那女人這才感覺全身涼爽,氣的又羞又怒,咬牙切齒的看著沈溫,恨不得一口吞了她。


    沈溫顧不得她,眼睛看向另外一個女的腰間,隻任那女人應激似的“啊”了一聲,她腰間鬆鬆垮垮的腰帶就到了沈溫手上,沈溫麻利的將衣服掩了將腰帶綁住。


    嚇的那女人哆哆嗦嗦的指著沈溫,情緒激動之下,一口氣沒上來,直接軟了下去。


    她伺候在旁的丫頭見狀又關切又委屈的搖晃了她家夫人兩下,突然間就大叫道:“快來人啊!不得了了有人要殺我家夫人了,快來人啊……”

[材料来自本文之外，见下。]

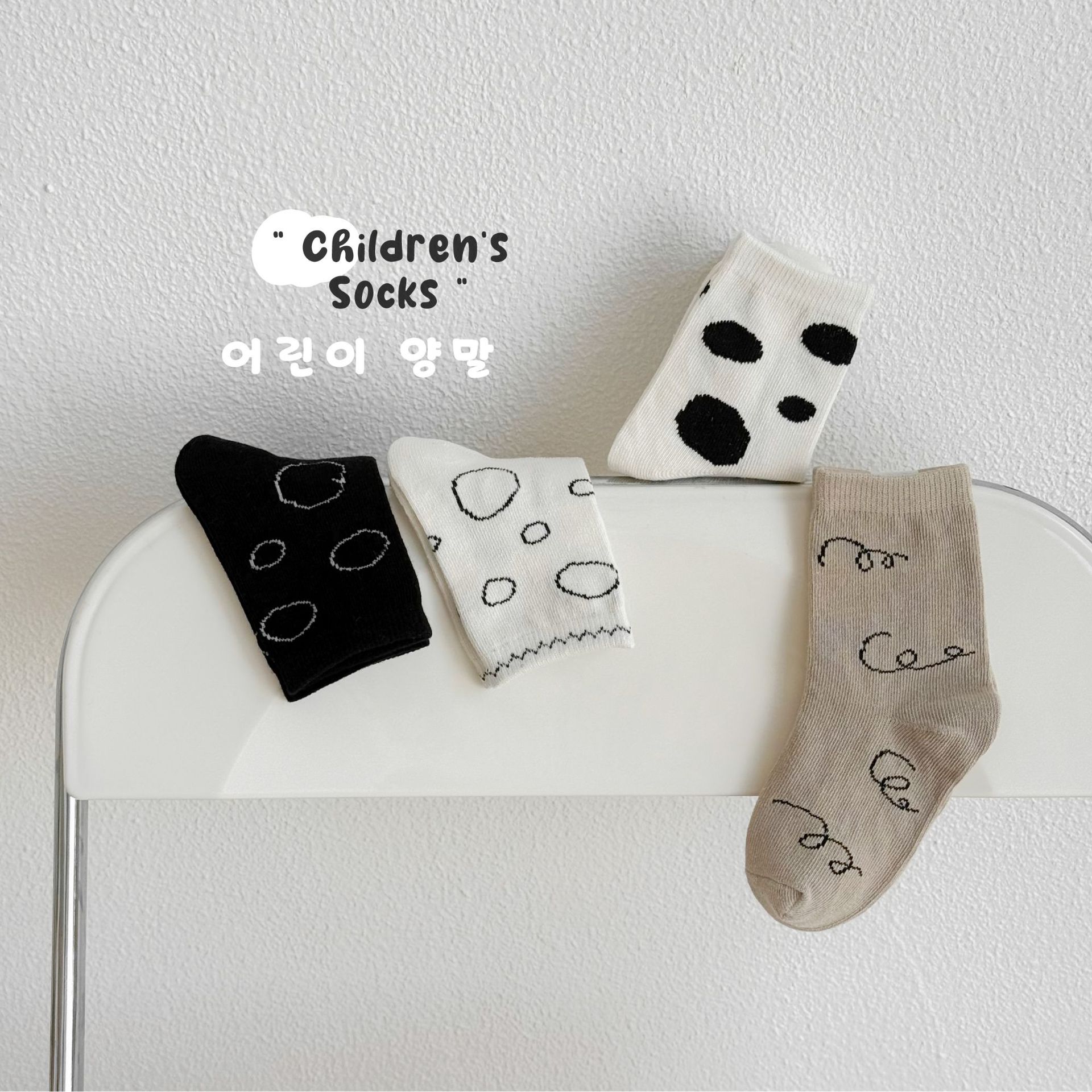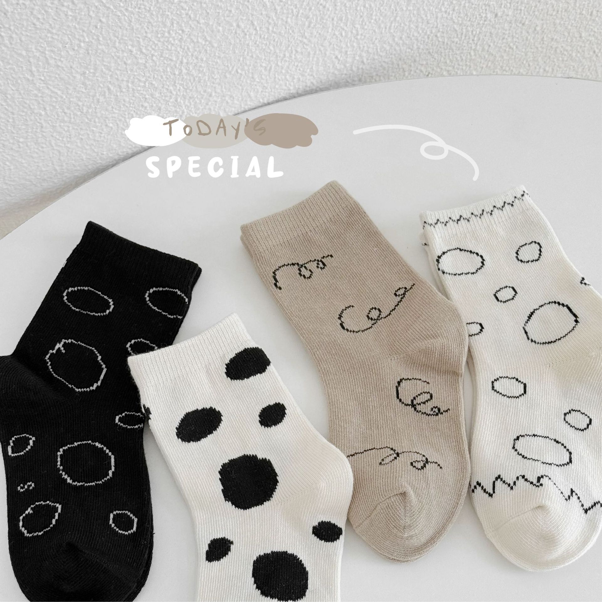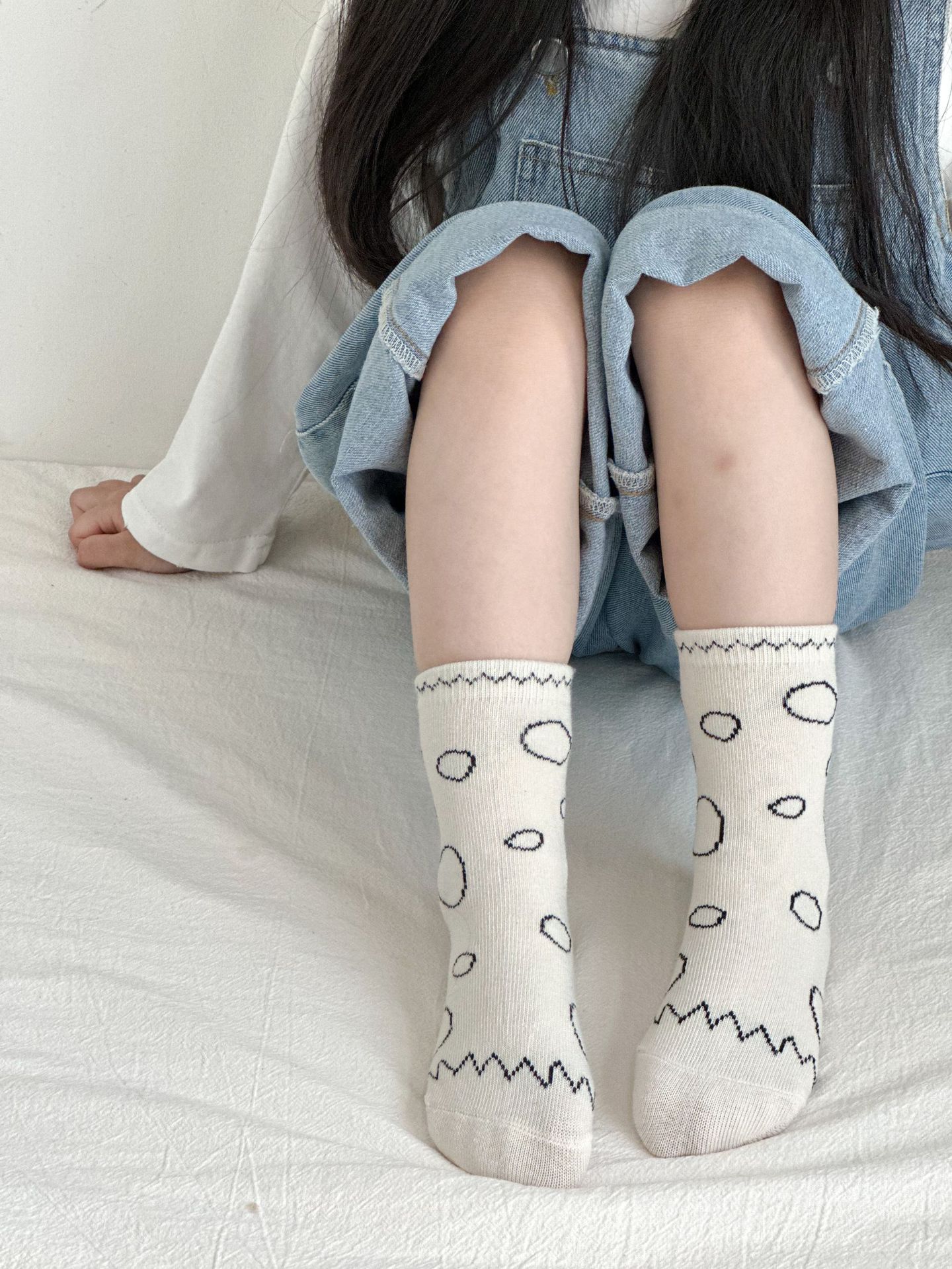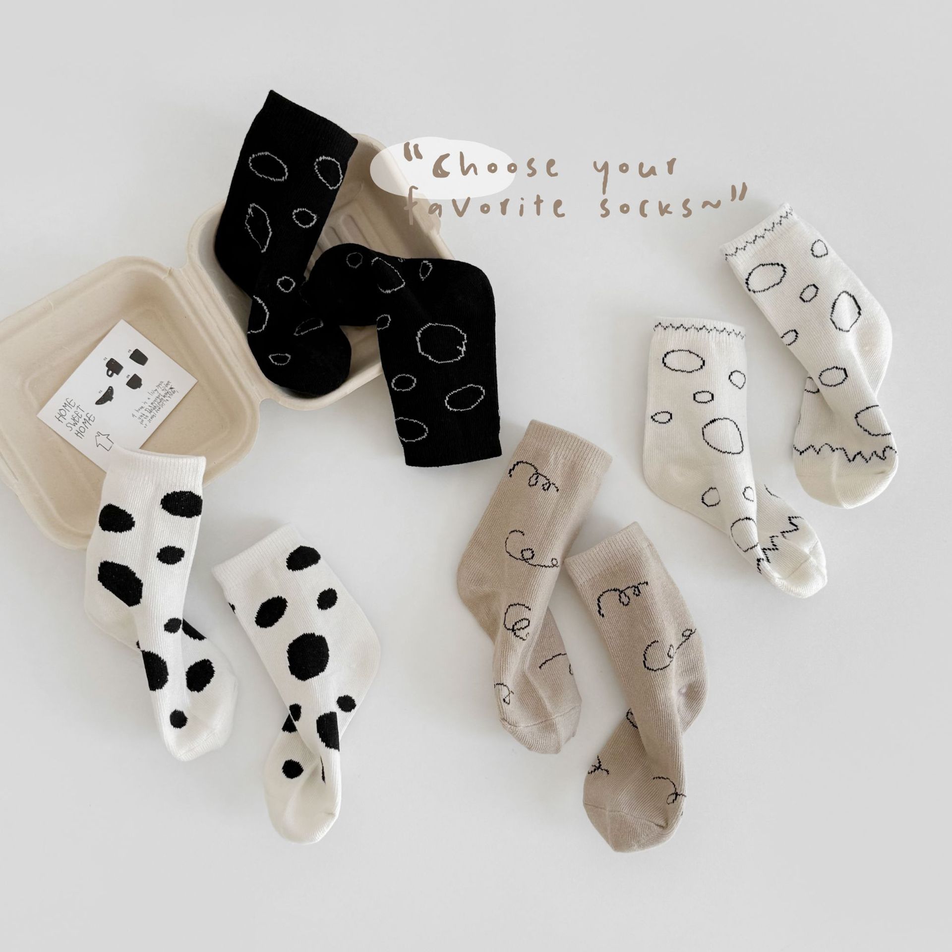 가을 겨울 어린이 양말 한국 스타일 소년 소녀 종아리 중간 양말 간단한 폴카 도트 인 트렌디 대학 스포츠면 양말 Sun Miss

    這一叫不得了,馬上就有兩個小廝闖進來一看究竟。


    沈溫先是想給那丫頭倆耳光叫她清醒清醒,不過見有男人闖入,她便吩咐小廝道:“快!快扶起來,別愣著,救人要緊。”


    那兩個小廝二話不說就去扶那女人,急切之下連那激動大叫的丫鬟也擠到一邊,沈溫跟其中一個小廝道:“哎呀!你掐人中!你得掐她人中!這是救人的基本法則知道嗎?”


    小廝乖的很,趕忙掐女人的人中。


    而戳在一邊看傻了的另外一個女人及她的女仆,感覺哪裏不對了,但就是想不起來有什麽不對。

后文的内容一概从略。